# Pellets



## knockmoreben (Nov 18, 2013)

Hey lads,

Anybody know a UK source for smoking pellets. Not the easiest to find.?!

Ben:help:


----------



## kc5tpy (Nov 19, 2013)

Hello Ben.  I have set you my recommendations.  Good luck.

Danny


----------



## wade (Nov 19, 2013)

Hi Ben

The BBQ grade ones I use regularly are CookShack and you will be able to find the sole UK distributor for these through Google. They come in 20 lb bags and they do a great job. I mostly use the Oak and the Hickory chips and they give a reliable good clean tasting smoke.


----------



## smokin monkey (Nov 19, 2013)

Hi Danny, can you please send me your recommendations, All recommendation  from all members appreciated.

Steve


----------



## kc5tpy (Nov 19, 2013)

Hello Steve.  I will send you my link and a link to the place Wade recommended.  Thanks for that Wade.  Added to my favourites.  Now we are cooking with gas!  Sharing info.  Keep 'em coming.

Danny


----------



## markuk (Nov 21, 2013)

We came accross pellets in Germany on our last visit there (see 1st photo of my friend Dave "smoking" on one)  and large lumps around half the size of a coke Can (2nd pic) and pressed  which were made from the left overs of wine production  - however the company at the time could not release them for sale for home use as they need a Licence and there are so many enviromental rules in Germany ( the Pub Landlord is right !)
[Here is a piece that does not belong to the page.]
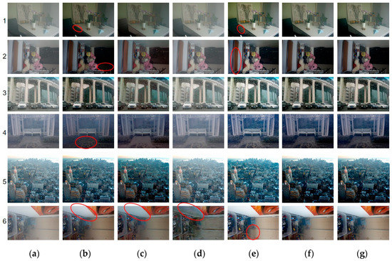 Figure 5 presents some examples for qualitative comparisons. Some noteworthy local areas are highlighted with red circles. In general, Cycle produces outputs with insufficient dehazing and many negative artifacts, particularly in images with a small depth of field, such as indoor image No. 6 in the last row in Figure 5d. DehazeNet tends to darken input images, which is very apparent in images nos. 1, 2, and 4 in Figure 5b (see the red-circled regions in these images). AOD outperforms DehazeNet, but still slightly darkens some white areas, such as the wall in image no. 6 in Figure 5c. F-DCP recovers images with brighter colours, but there are vertical stripes in some of the outputs of F-DCP (see the red-circled regions in images nos. 1, 2, and 6 in Figure 5e). Because F-DCP assumes that the DOF is larger at the top of a natural scene image and smaller at the bottom, images that do not satisfy this constraint will result in such artifacts. In general, visual comparisons reveal that the two TGL-Nets have dehazing performance comparable to that of DehazeNet and AOD, but with better colour fidelity (see the preservation of the white wall in image no. 6). Furthermore, although the proposed TGL-Nets are trained with guidance from F-DCP transmission maps, they do not learn the vertical stripe artifacts present in the F-DCP outputs. It is difficult to distinguish Figure 5f,g visually. However, the training of TGL-Net-Syn converged more slowly and unsteadily than that of TGL-Net-Mix, which will be discussed in a later section.

Think they'd be really interesting to cook with ....













P1090984.JPG



__ markuk
__ Nov 21, 2013


















P1090985.JPG



__ markuk
__ Nov 21, 2013


----------



## wade (Nov 21, 2013)

Hi Mark

Wow they are quite a size... For burning like small chunks of wood with the charcoal they would probably be fine but for use in a AMNPS style cold smoke generator or in a hopper feed hot smoke generator I think they could be a bit of a challenge!


----------



## knockmoreben (Nov 21, 2013)

thanks guys for the response. im constantly on the look out for simpler solution. ive even planed and sanded solid oak for dust.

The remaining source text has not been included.